En el pensamiento popular, un reino se trata de poder y dominación. Un reino tiene un rey que tiene el control absoluto de los ciudadanos del reino. Los reyes quieren expandir sus territorios a través de la conquista. Obviamente, cuando un rey conquista otro territorio, se anexiona el territorio e impone sus reglas y su forma de vida a los habitantes. Por lo tanto, los reinos del mundo están constantemente en guerra, haciendo nuevas conquistas y manteniendo los territorios ya conquistados. Se necesita mucha energía y estrategias de manipulación, que la mayoría de las veces pueden ser tan brutales e inhumanas. Si no se utilizan estas estrategias, el rey teme la pérdida de poder a través de la rebelión de los sujetos. Por esta razón, Niccolo Machiavelli, un filósofo político italiano medieval, aconseja al Príncipe que se asegure de infundir miedo en los temas, ya que a través de esta estrategia será temido y respetado. Su objetivo debe ser el mantenimiento y la expansión del poder a través de estrategias de manipulación. Solo así, un rey puede disfrutar de la obediencia y el miedo de sus súbditos. A lo largo de la historia, este modelo de realeza y reino ha perseverado directamente en nuestras versiones modernas de liderazgo.

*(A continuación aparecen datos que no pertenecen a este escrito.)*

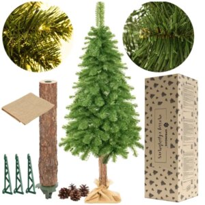 Élvezze az ünnepi hangulatot ezzel a természetes fatörzsre épített, 180 cm magas műfenyővel, amely élethű tűleveleivel és valódi tobozaival a valódi erdei fenyő látványát kelti, miközben nem hullajtja a leveleit és évekig díszíti otthonát.

Nuestro Señor Jesucristo presenta un modelo totalmente opuesto. Él es el rey de un reino. Pero de inmediato deja en claro que su reino no es de este mundo (Jn. 18:36). Es decir, su reino no se trata de poder, manipulación, control o dominación sobre los demás. Él les dice a sus discípulos que los reyes de este mundo gobiernan sobre otros, pero no debería ser así con ellos porque el Hijo del Hombre no vino para ser servido, sino para servir y dar Su vida en rescate por muchos (Mt. 20: 25-28). Pedro, la cabeza de los apóstoles, sigue los pasos de Nuestro Señor y aconseja a los líderes de las comunidades cristianas que no deben gobernar sobre las personas confiadas a su cuidado (1 Pt. 5: 3).
¡El reino de Jesús es el reino del amor! El amor es lo que mantiene unidas a las personas y las cosas; El amor es el principio de la vida. El amor que se quiere decir es amor desinteresado; amor que se derrama en la entrega de sí mismo a los demás, y a través de este don de sí mismo, la vida se salva, se promueve y se nutre en los demás. Por esta razón, el Reino de Jesús pertenece a los humildes, los humildes, los olvidados y los abandonados. ¡Pertenece al cojo, al ciego, al lisiado, al herido, al que sufre, al enfermo, al modesto! Estas personas pertenecen al Reino no por defecto, sino porque sobreviven solo a través de su confianza en el Señor. En los reinos del mundo, estas personas humildes son pisoteadas o empujadas por la carretera. Pero el Señor los honra y respeta.
El Reino de Jesús no se trata de poder, control, dominación u opresión. Quienes eligen pertenecer al Reino de Jesús viven por amor y generosidad. Se entregan totalmente y sirven a la vida donde la ven. Están poseídos por el Espíritu de Jesús; El Espíritu que no se aferra a sí mismo, sino que se entrega continuamente para que otros vivan.
Los poderosos y aquellos que tienen sed de poder, dominación y reconocimiento a menudo lo encuentran muy incómodo en el Reino de Jesús. O, si entran, intentan transformar el Reino de Jesús en uno de poder y dominación, una transformación que ocurre a menudo en la historia de la Iglesia. Pero los humildes, cuyos corazones se han derretido por el amor de Jesús, siempre se destacarán como faros de luz en medio de los elementos destructivos del poder y la dominación.
Jesús es el rey del universo. Él gobierna no por puro poder y dominación, sino por amor y entrega. La Iglesia es el sacramento visible del Reino de Jesús, y como tal, admiramos a Jesús, nuestro Rey y Señor, y oramos para que cada uno pueda ser poseído por su Espíritu para que podamos vivir como ciudadanos del Reino de Amor.